The fact that our body is in principle not adapted to sit for a long time, you probably heard. But that long-term sink of a computer depletes stocks special view The energy required for mental work? Find a bath towel, a big fat scarf or a thin blanket - and learn how the yoga is restored.

  1. To begin with, stand up from the table and pull out from the soul.
  2. Make a deep breath and after a second pause noisily and energetically breathe through the mouth, releasing the tension and caused its situation.
  3. Prepare a roller: accurately roll up a towel, a scarf or a blanket into a roll, as shown in the figure. Do not comprehend the time to smooth it well before twisted: the bugs you are completely nothing, and then, it is harmful to the back. The length of the roller should approximately correspond to the distance between the sacrum and the base of the neck.
  4. Sit on the chair. Place the roller vertically behind your back, along the spine.
  5. Move back to the stop and the lower back press the bottom edge of the roller to the back of the seat.
  6. Now lean back, on the roller. Feel how the shoulders and chest stretch and expand.

Why do the exercise. By clicking on the computer, we deprive our brain of the required nutrition and block Prana-Waiy - one of the most important energies in our body. Prana-Waiy circulation stimulates vision and hearing, activates creative abilities and logical thinkingAnd also feeds our enthusiasm, that is, it provides us with everything necessary for efficient work. In my opinion, for the sake of it worth bringing a scarf, towel or blanket, is it true? The roller helps to align the spine "In String" and redistribute the load; The muscles of the neck, shoulders and back relax, and the body no longer spends so many forces to maintain the body in a sitting position. As a result, the energy is released, which can be spent on something useful.


You went to work with your head and completely lost a bill of time, and the loin and the tailbone are already screaming that they need a break. To align the body after a long stay in any position, yoga use compensating poses. This posture will bring deep relief of the feet and lower back. It requires effort, but it is worth it!

  1. Stand up the table to it. Clear place.
  2. For an extra support, put your palms on the table approximately on the width of the shoulders.
  3. Raise the right leg, at the same time bending it in the knee and turning to the right, and place the skin in front of yourself on the table. The knee must also lie on the table, a little leaving the shoulder line. Move the right hand to the side, but do not remove from the table.
  4. Try sock right leg To the shin.
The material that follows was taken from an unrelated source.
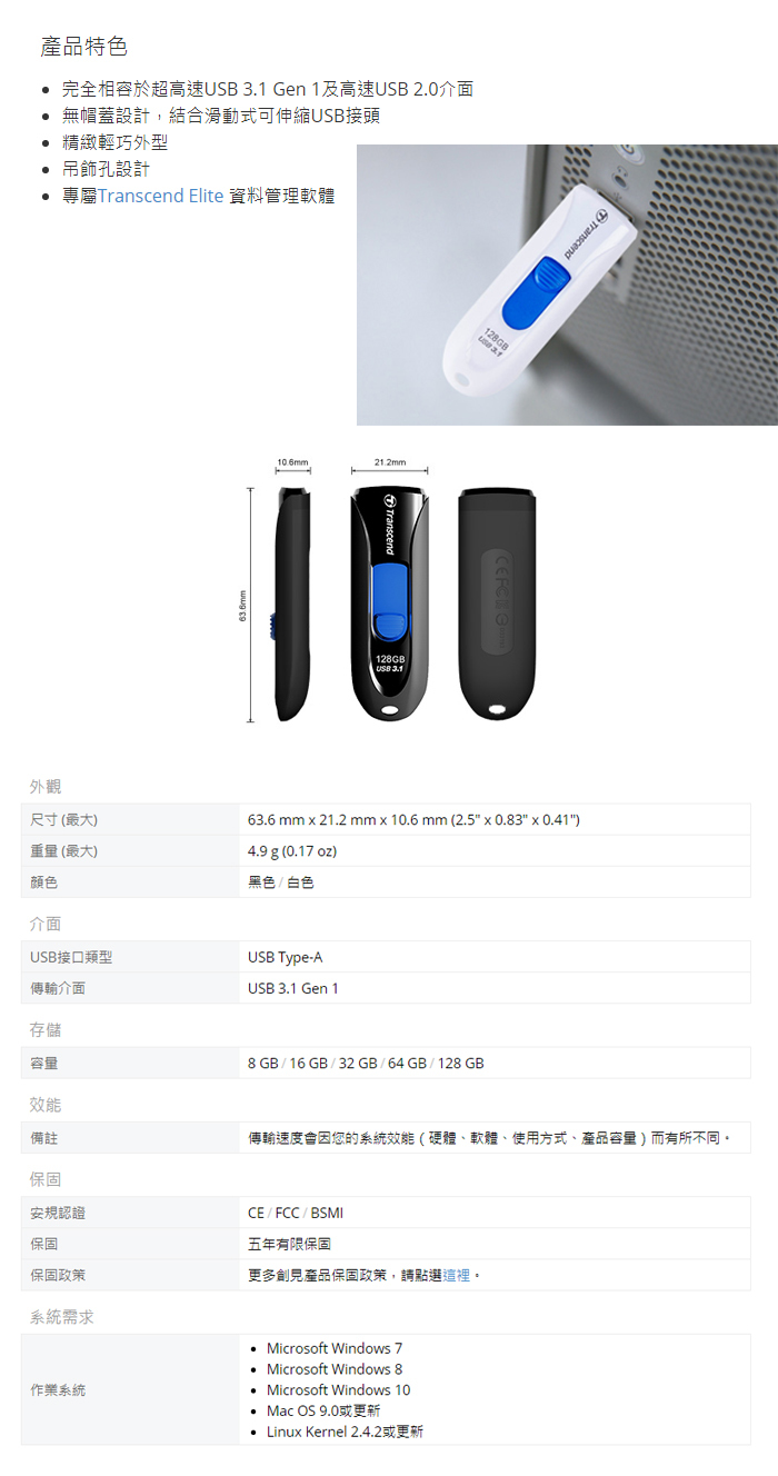◆介面: USB 3.0 (向下相容於USB 2.0)

Strain the foot, as if you want to split the table with her edge.
  5. Slightly go about the table with your left hand.
  6. Put the right palm on the right thigh - the wrist on the fold between the thigh and the pelvis, the fingers towards the knee.
  7. Mildly click on the hip palm, turning it to the table. It's not easy, but you still try. Do not tilt the case to the side and keep the pelvis even to fix the lower back.
  8. If you feel comfortable, stay in this position for some time. Then, with a straight back, lean forward to the monitor. For an extra support, move the fingers of the left hand forward on the table; Smoothly deploy the hips to increase the depth of the tilt. Be careful if you have knee injuries.
  9. Perform a few respiratory cycles. Smooth breathing will help you relax.
  10. Repeat steps 3-9 to the other side.

Why do the exercise. The position of the legs here is borrowed from the posiction of a single-legged king pigeon (Eca Faud Raja Capotasans) - it's easier to do what to say! Exercise lengthens the iliac-lumbar muscle that is responsible for bending the hip, which is gradually shortening from long seating. It also does not give our hip joints to lose mobility and elasticity. The slope to the legs soothes the mind, like all such yoga poses.